"The back of the house? Didn't I already show you that?"
Start their day with a mug that celebrates their home design detective skills. Perfect for morning coffee or tea, it’s a fun reminder of their creative knack for home makeovers.
"The back of the house? Didn't I already show you that?"
"I'm starting to think stripes."
"Let me call you back, Lori. I'm binge-watching John clean the gutters."
Those missing socks...where do they go?
"At least you have taste when it comes to your computer's wallpaper."
Darlene, my intelligence tells me that your fiance is a slob. What intelligence, Rudy? Surveillance photos – dirty clothes and towels thrown on the floor. Dishes piled up in the sink. That's my Mel? How did you get those? Top-flight government spy methods. House of Java.net Cybercafe.
Early design for the Two-Man Kayak.
"If the nanny state wants us to solve the housing crisis they need to get out of the way and let us learn from the leaders in the field..."
Man at council planning offices can't get through door due to position of steps.
'I see you have been mopping the floor while I was out. Are you doing this to be nice or disposing of evidence?'
VARIOUS ITEMS OF LABELLED KITCHENWARE.
"Their entire planet is coated in things called doodads, tchotchkes, trinkets, knick-knacks, bric-a-brac, and clutter."
"Is this the first time you've put wallpaper up?"
'So this is a kitchen!'
Setbacks in the development of the rubber mallet.
"There's food in the fridge, and clues about the state of our marriage all around the house."
"I investigated your husband, Mrs Adams. He isn't cheating on you. In fact, I'm your husband. We've just really lost touch recently."

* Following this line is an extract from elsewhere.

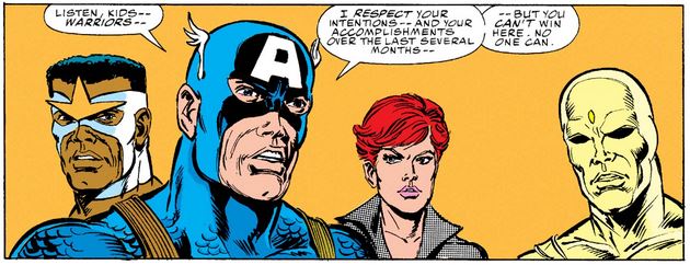 Well that’s settled, and I’m sure the New Warriors will never cause any problems again, nor will Cap ever have cause again to lecture young heroes about their lack of experience.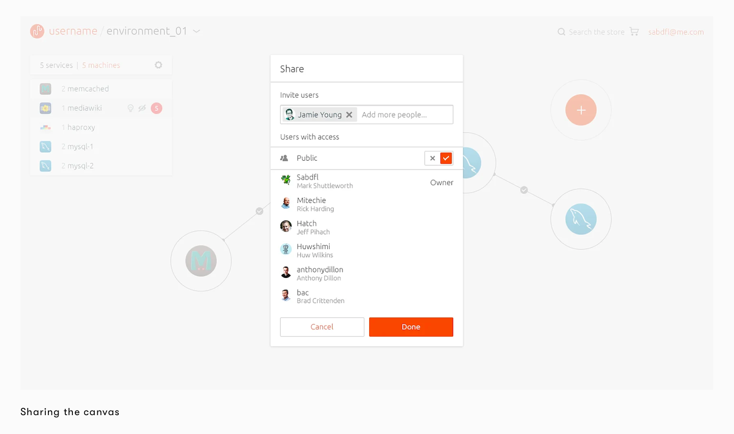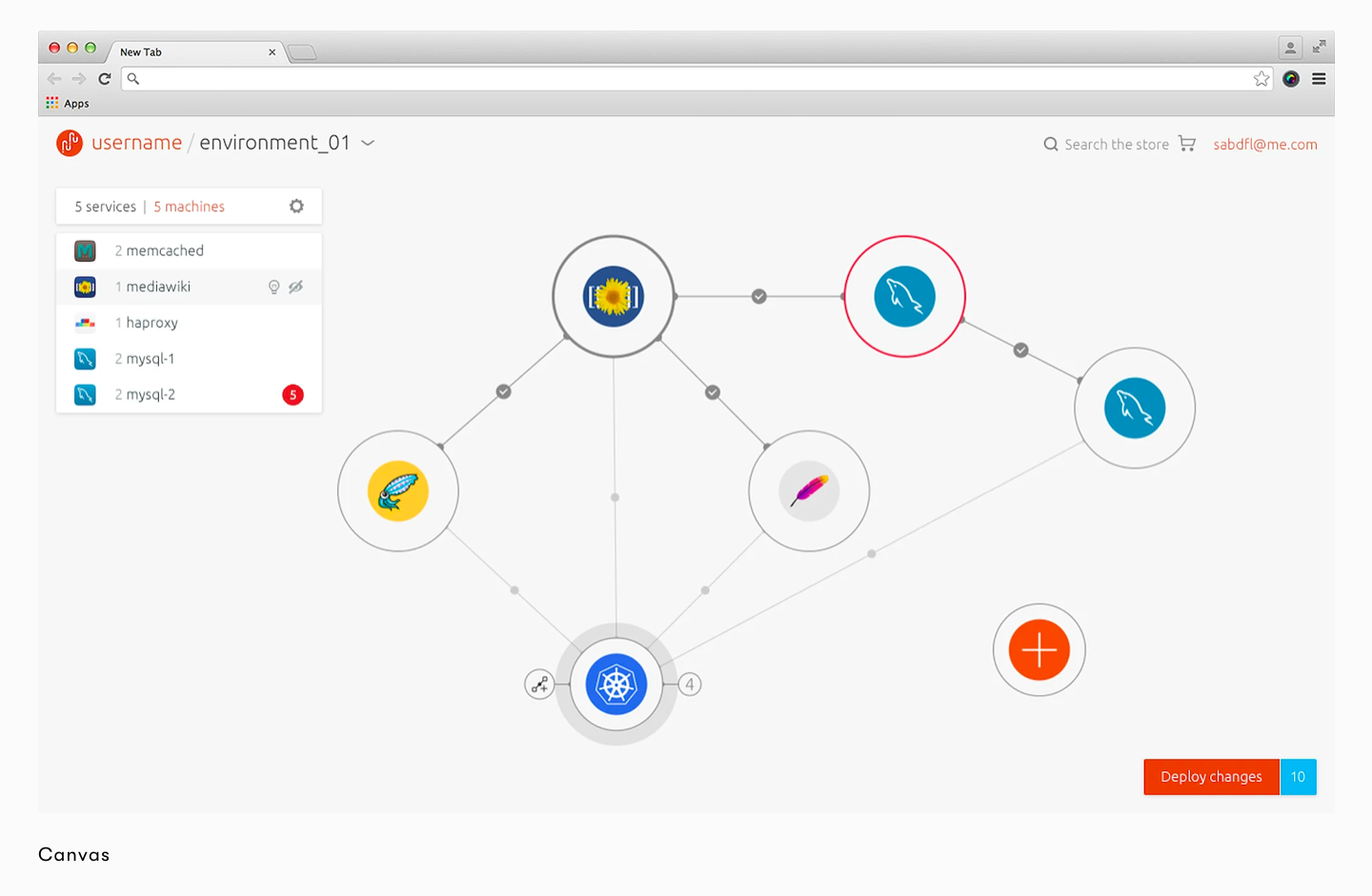 The canvas is where the visual building and connecting of services happens. As people were building more and more complex applications it became apparent that making sure that status and health was clear. We aimed to simplify the visual language by removing green completely and only notifying the user if there is something wrong using a new bold colour palette and reducing the complexity of the design. Animations were also specced out to help make the canvas more playful and intuitive.

"...and I have a farmhouse in the city."
"Mobile Tree Home"
Giant wants his shoe back.
"The house needs to have comfortable window ledges. Lots of windows! And a fireplace!"

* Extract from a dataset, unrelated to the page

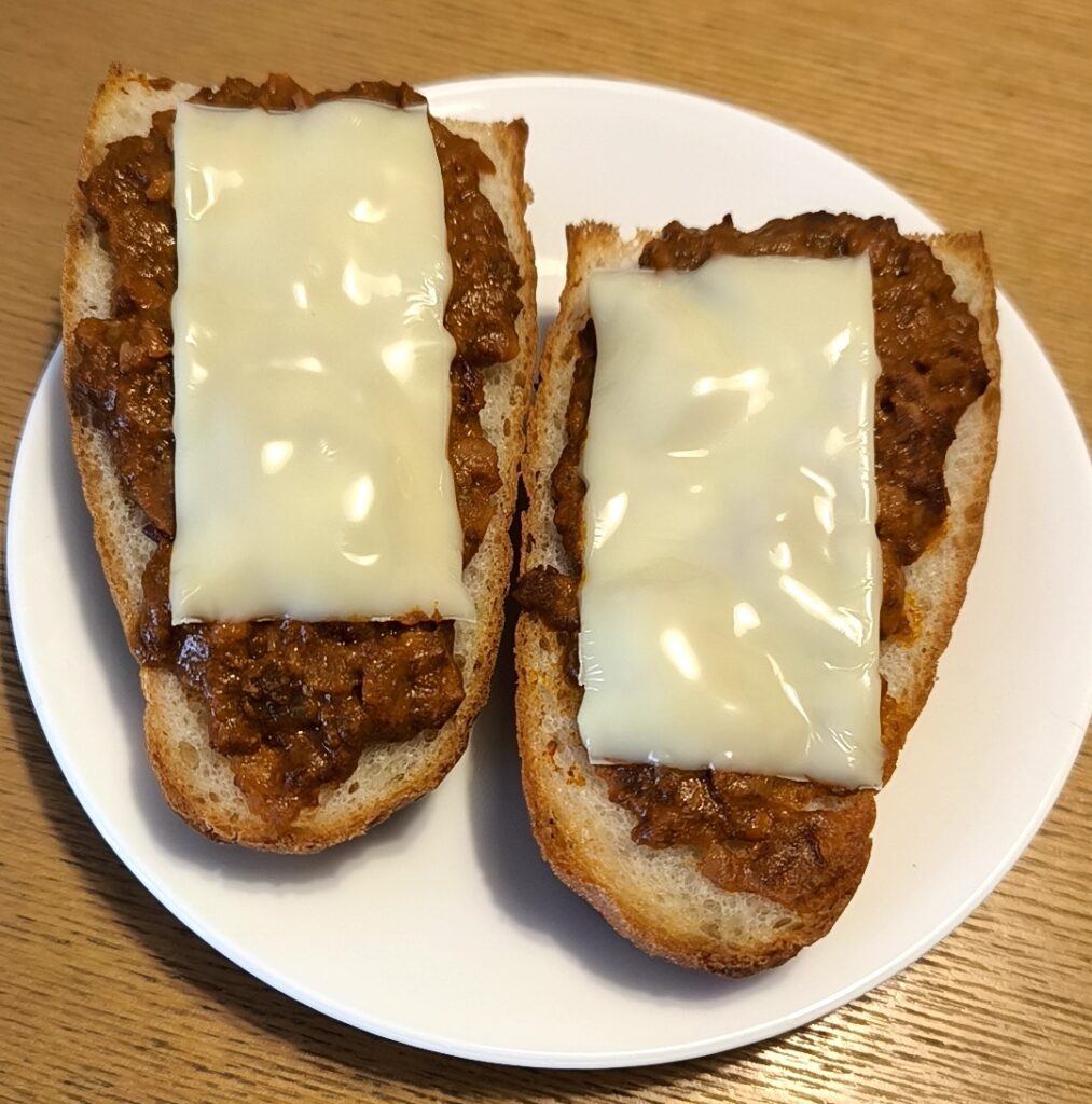 ちょうどバケットがあったので、バケットにチリコンカンとチーズを乗せて、トーストで焼いて食べてみました。続いて、ご飯に載せてさらに目玉焼きと一緒に。
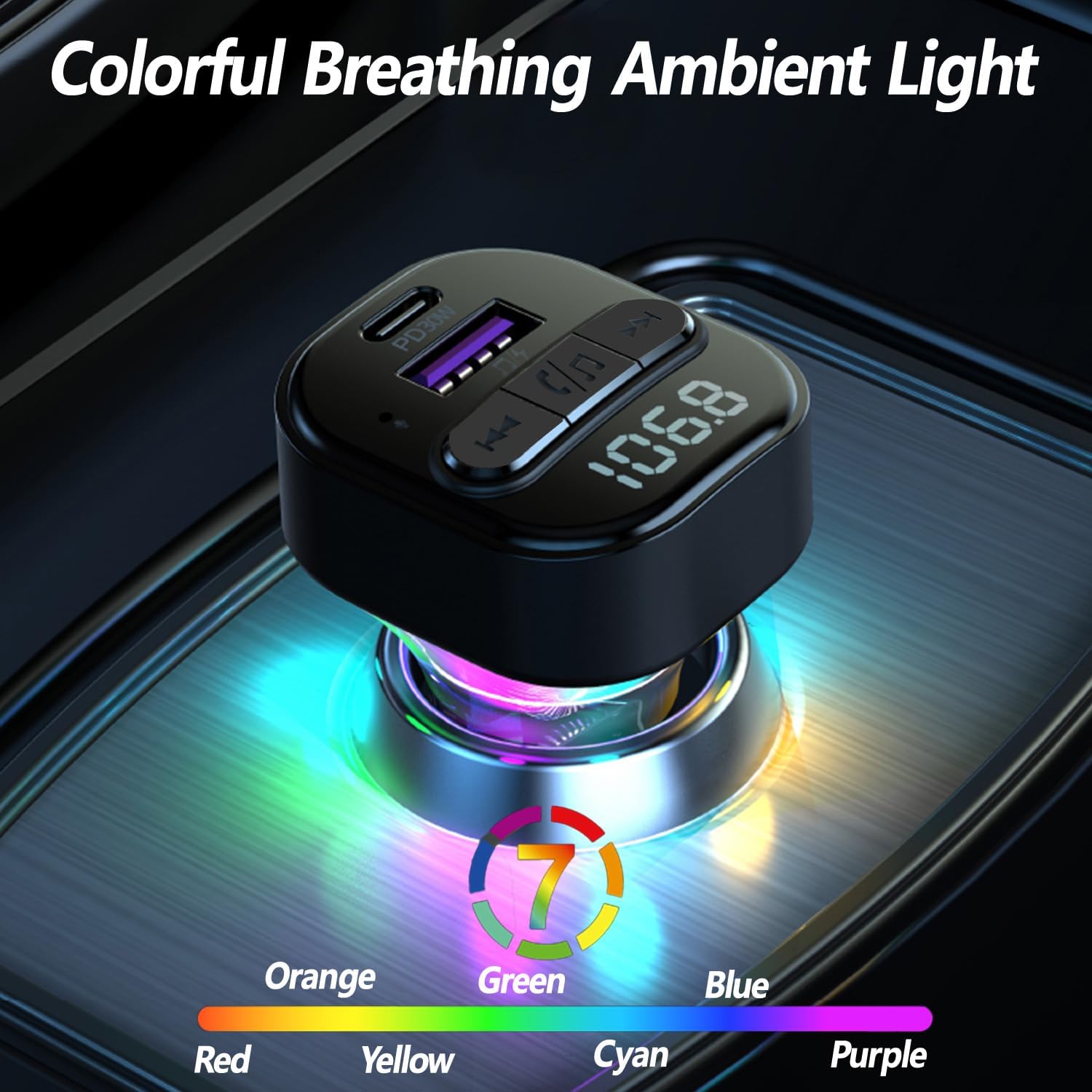 - Type-C PD(30W) and USB Car Charger: The bluetooth car adapter is equipped with Type-C PD(30W) and USB charging ports, which can provide faster speed than normal port. You can simultaneously charge 2 compatible devices.

'In another universe parallel to our own.'
"My husband, of course, will want a den."
"I'm sorry, madam, but these units are for display purposes only."
"I can smell his fear of commitment."
'That must be the termite inspector.'
'And this is the walk-in laundry chute.'
'Is it true the building's sinking?'
'Oooh the Timpsons have got new blinds.' (Blinds read 'Sod off you nosy cow).
'You had to put a skylight in didn't you?'
"The house is staged beautifully. The only thing left is to tell Duane to go inside during showings."
If you lived here, this sign would block your view.
'I see you have been mopping the floor while I was out. Are you doing this to be nice or disposing of evidence?' 'Why can't it be both?'
"How Georgia O'Keeffey are you thinking?"
"I'm not casing this house - I'm coveting it."
Our pillows are a cozy way to honor their passion for clever home design—fun, comfortable, and uniquely decorative.
Add a touch of inspiration to their decor with prints that celebrate the art of home design and detective work in style.
Check out our t-shirts celebrating home design detectives—quirky, stylish, and a perfect fit for their creative personality.